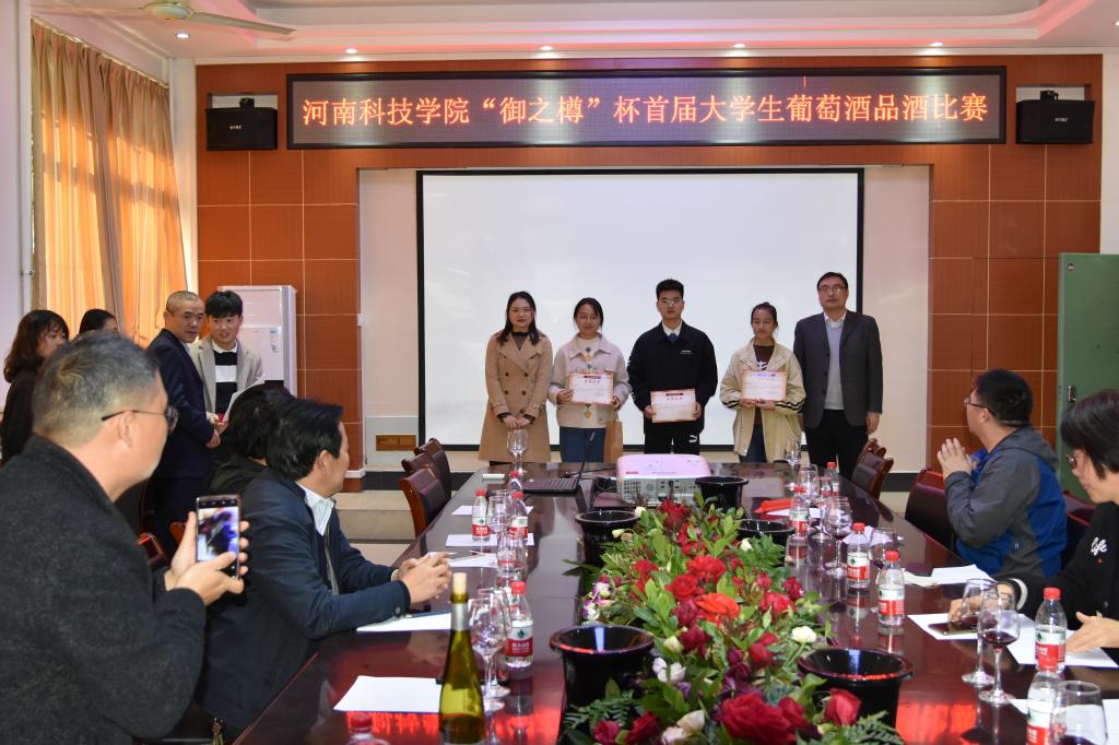 本次比赛由我校张明霞博士和赵现方博士的葡萄酒团队提供学术支持,由河南省御之樽进出口贸易公司冠名和赞助,由一品红酒工作室、河南省牧歌众酿葡萄酒庄有限公司和封丘县皇池酿造坊赞助协办,经过初赛竞猜葡萄品种、复赛竞猜葡萄酒产地和决赛混合调酒竞猜三轮比赛,最终决出一等奖1组、二等奖2组、三等奖7组,其中生物发酵172班的李旭、郭甜甜和发酵182班的耿亚琼组成的竞赛小组获得了冠军。
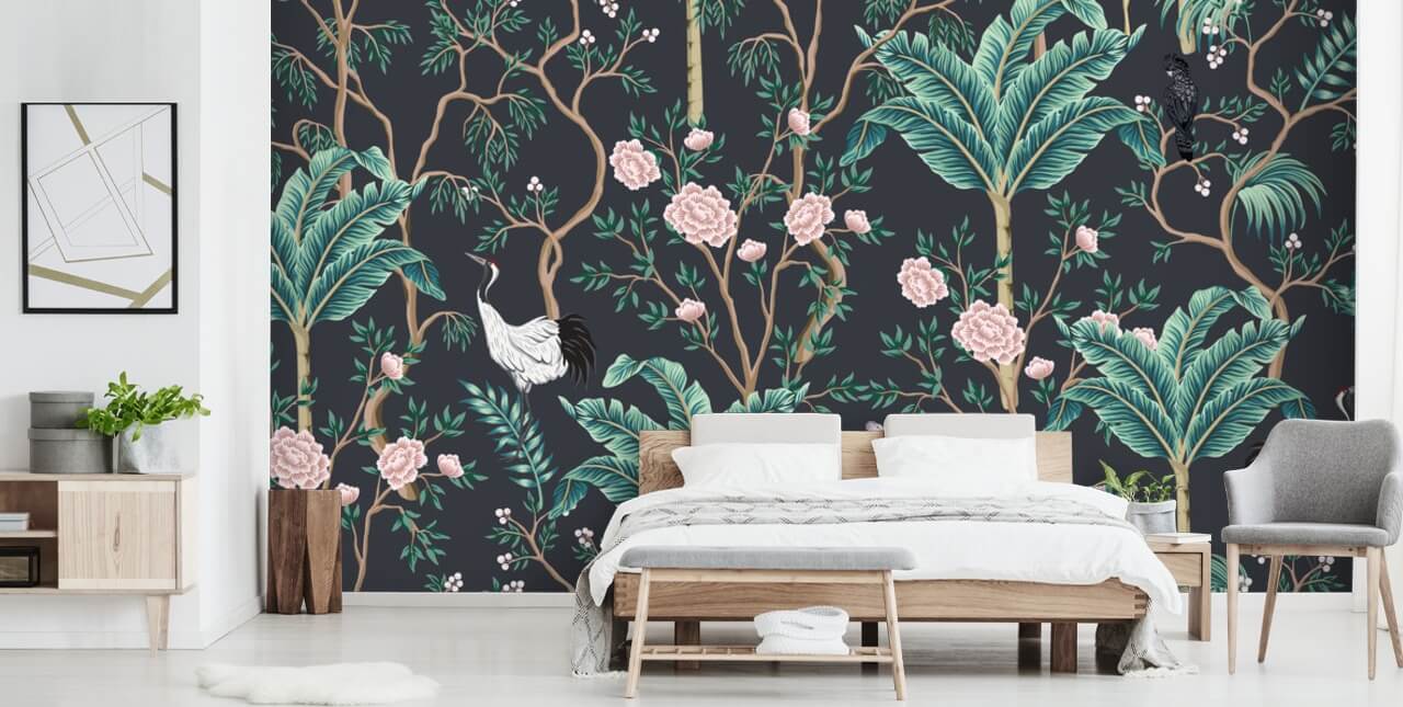 Instale este lindo papel de parede Dark Chinoiserie em sua casa! Feito sob medida para caber perfeitamente na sua parede.
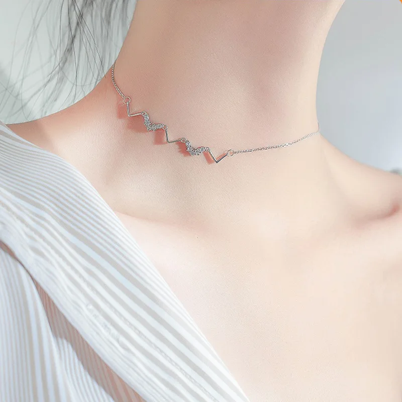 ANENJERY, простые, 925 пробы, серебряные, удачливые бусы, ожерелья для женщин, короткая цепочка, чокер, ожерелье, S-N554
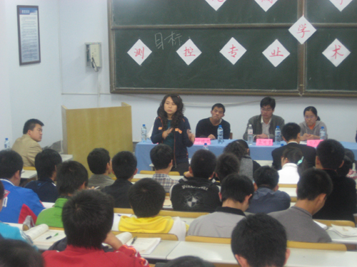 大会首先由贺治成老师致开幕词并宣布大会正式开始。会上,7名优秀学生嘉宾分别做了感悟发言,他们从自身经历出发,认真回顾了自己的学习经历,阐述了自己的见解。接下来与会同学向嘉宾就学术、专业发展方向、考研及就业等问题展开积极提问,嘉宾热情详备的解答使同学们茅塞顿开,李霞老师针对专业培养特色和专业培养目标作了详细的解说;随后嘉宾走下主席台和同学们坐在一起就学术及其他方面的观点展开讨论。随着活动的举行,04、05、06级测控专业的同学相互交流,彼此沟通,提出了测控专业的口号:“沐浴人文气息,开创测控特色;发扬机械精神,共筑理工未来”并在事先准备好横幅上签名。
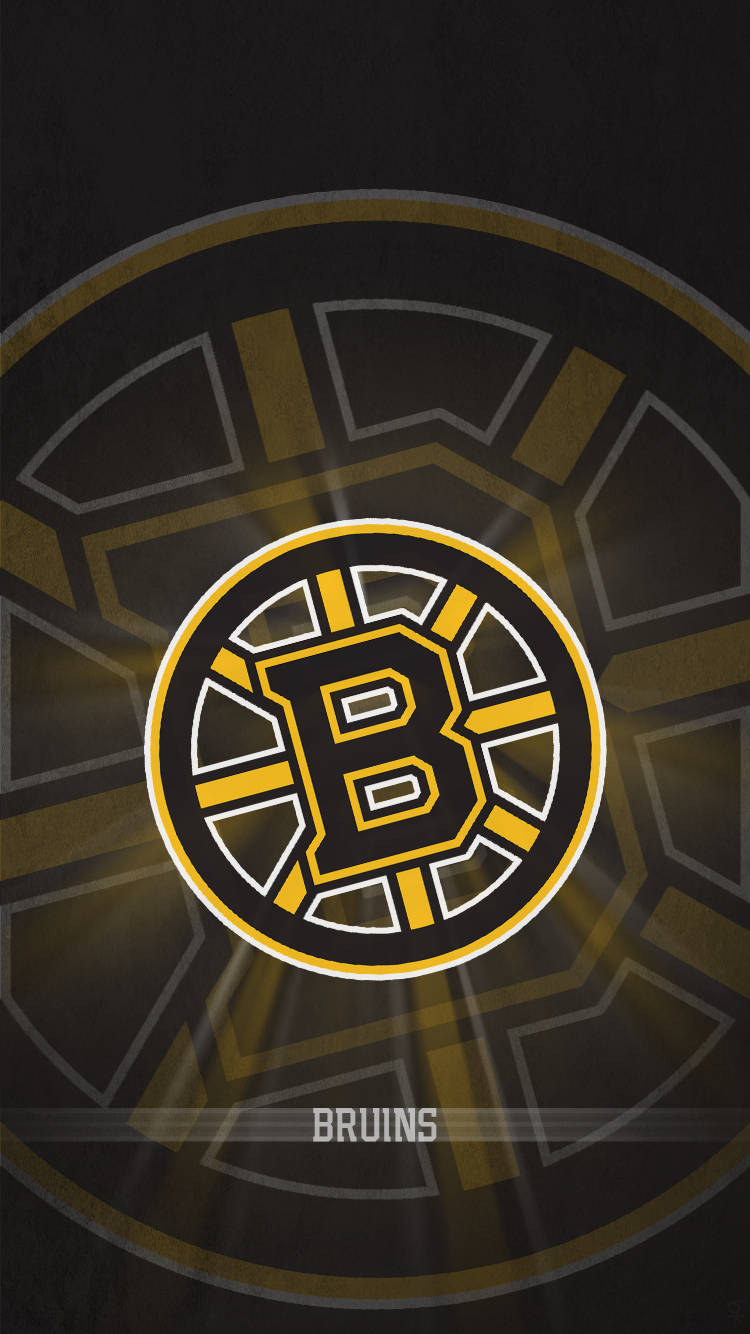 Description: A boston hockey logo on a black background with a yellow stripe around it and the word.
..........
* _What the exercise asks_:
When you repeat the data, keep every line exact and drop the images.

* _Result below_:
 本次比赛由我校张明霞博士和赵现方博士的葡萄酒团队提供学术支持,由河南省御之樽进出口贸易公司冠名和赞助,由一品红酒工作室、河南省牧歌众酿葡萄酒庄有限公司和封丘县皇池酿造坊赞助协办,经过初赛竞猜葡萄品种、复赛竞猜葡萄酒产地和决赛混合调酒竞猜三轮比赛,最终决出一等奖1组、二等奖2组、三等奖7组,其中生物发酵172班的李旭、郭甜甜和发酵182班的耿亚琼组成的竞赛小组获得了冠军。
 Instale este lindo papel de parede Dark Chinoiserie em sua casa! Feito sob medida para caber perfeitamente na sua parede.
 ANENJERY, простые, 925 пробы, серебряные, удачливые бусы, ожерелья для женщин, короткая цепочка, чокер, ожерелье, S-N554
 大会首先由贺治成老师致开幕词并宣布大会正式开始。会上,7名优秀学生嘉宾分别做了感悟发言,他们从自身经历出发,认真回顾了自己的学习经历,阐述了自己的见解。接下来与会同学向嘉宾就学术、专业发展方向、考研及就业等问题展开积极提问,嘉宾热情详备的解答使同学们茅塞顿开,李霞老师针对专业培养特色和专业培养目标作了详细的解说;随后嘉宾走下主席台和同学们坐在一起就学术及其他方面的观点展开讨论。随着活动的举行,04、05、06级测控专业的同学相互交流,彼此沟通,提出了测控专业的口号:“沐浴人文气息,开创测控特色;发扬机械精神,共筑理工未来”并在事先准备好横幅上签名。
 Description: A boston hockey logo on a black background with a yellow stripe around it and the word.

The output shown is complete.